Saturday, October 13, 2007

a waltz when she walks in the room
she pulls back the hair from her face
she turns to the window to sway in the moonlight
even her shadow has grace...

grace-that word stands out to me today as i reflect on the revelry that occurred last night. i went to a sweet sixteen party and found, although i am only a year older than the other girls present, i am at a higher level than they are. i don't mean to be judgemental or a snob but i'm only speaking truth. my aunt said this to my mom just a few minutes ago "i look at amanda, and she's only a year older than the rest of those girls, but she has so much grace and poise and she's so pretty.
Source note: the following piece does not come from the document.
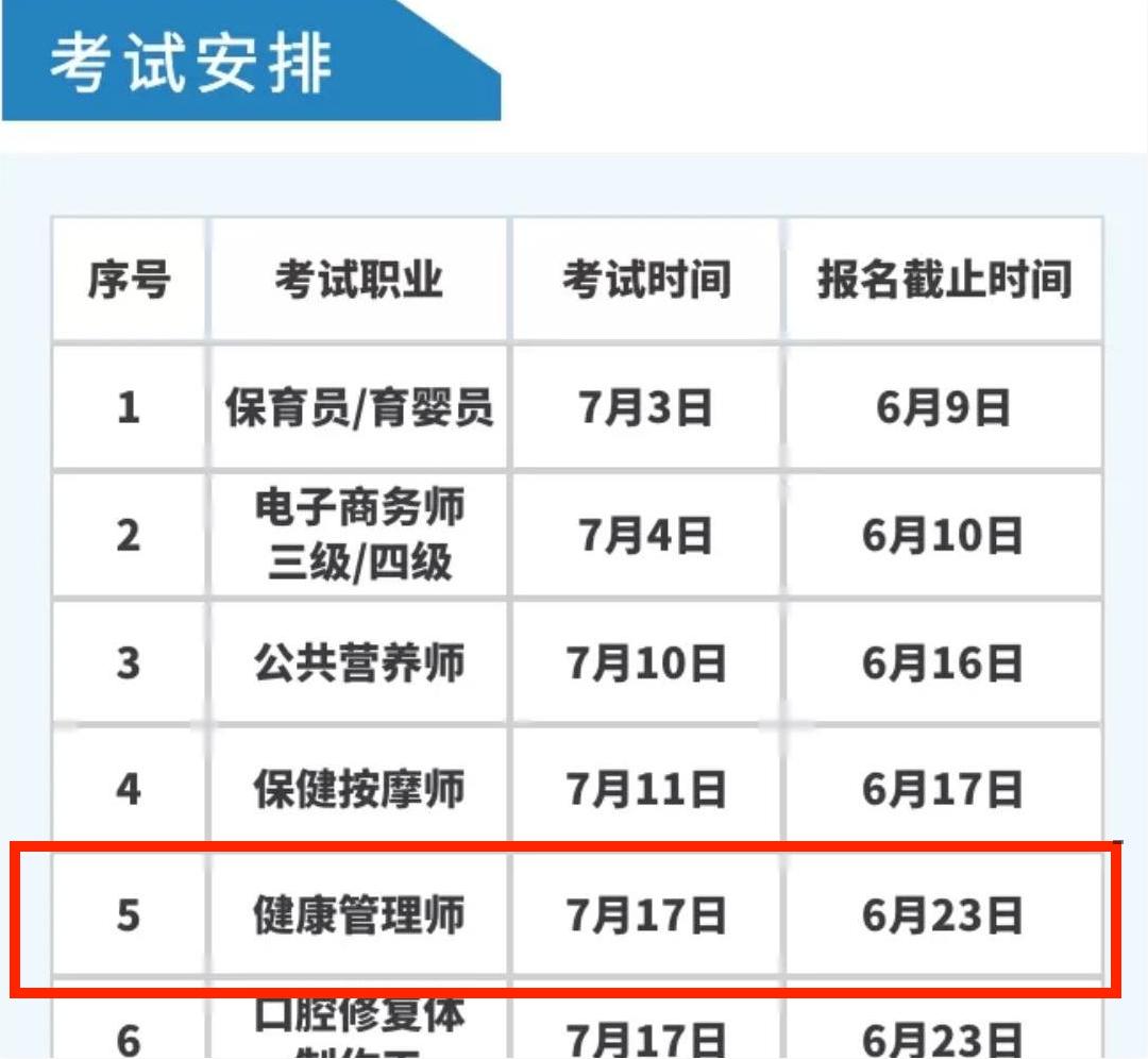 2021年7月吉林報考健康管理師考試省考報名截止時間:6月23日

There's just a difference."
what's the normality you may ask? compared to me, the other girls were dressed in short cocktail dresses, grinding on the guys, and making complete fools of themselves. the only thing graceful about the one being honored was her gown. her speech for her 16 candles was atrocious, grammatical errors, substituted word for the F word, and cursing up a storm. as soon as she was dressed more casually, she joined in the club-like dancing, allowing to be sucked into a lap dance performed by a perverted, immature, boy. we were there for less than an hour before my brothers stormed out of the hall enraged. i said my goodbyes and followed them.
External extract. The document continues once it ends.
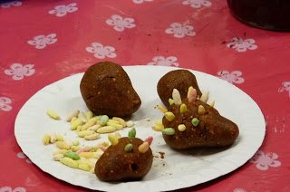 Igen, voltunk olyan bátrak, hogy a szokásos Kabócás péntekünkön azt talátuk ki, hogy süti süniket készítünk a gyerekekkel. Az ötlet Lukács Gabriella barátnémtől származott, de én voltam, aki a legtöbbet megette belőle:)

where is the grace in the girls today? do they have any self-respect, any dignity? words such as elegance, honor, and beauty are so native to them it's pathetic. and again, i am only a year older than they are. so why am i so different? perhaps it is because i have strict boundaries and rules to abide by, that i have been reared in the way of the Lord ever since i was born, that i have been taught to respect elders and how to speak, dress, and behave. my parents' expectations for me are very high so i must carry myself accordingly. maybe this is why i don't have a boyfriend, because i'm looking for more.
i am so thankful i go to a private Christian school where integrity and morality are taught on a day-to-day basis. i take what i have for granted way too much and my eyes were opened last night to what i could have been. i am so thankful i am not part of that crowd.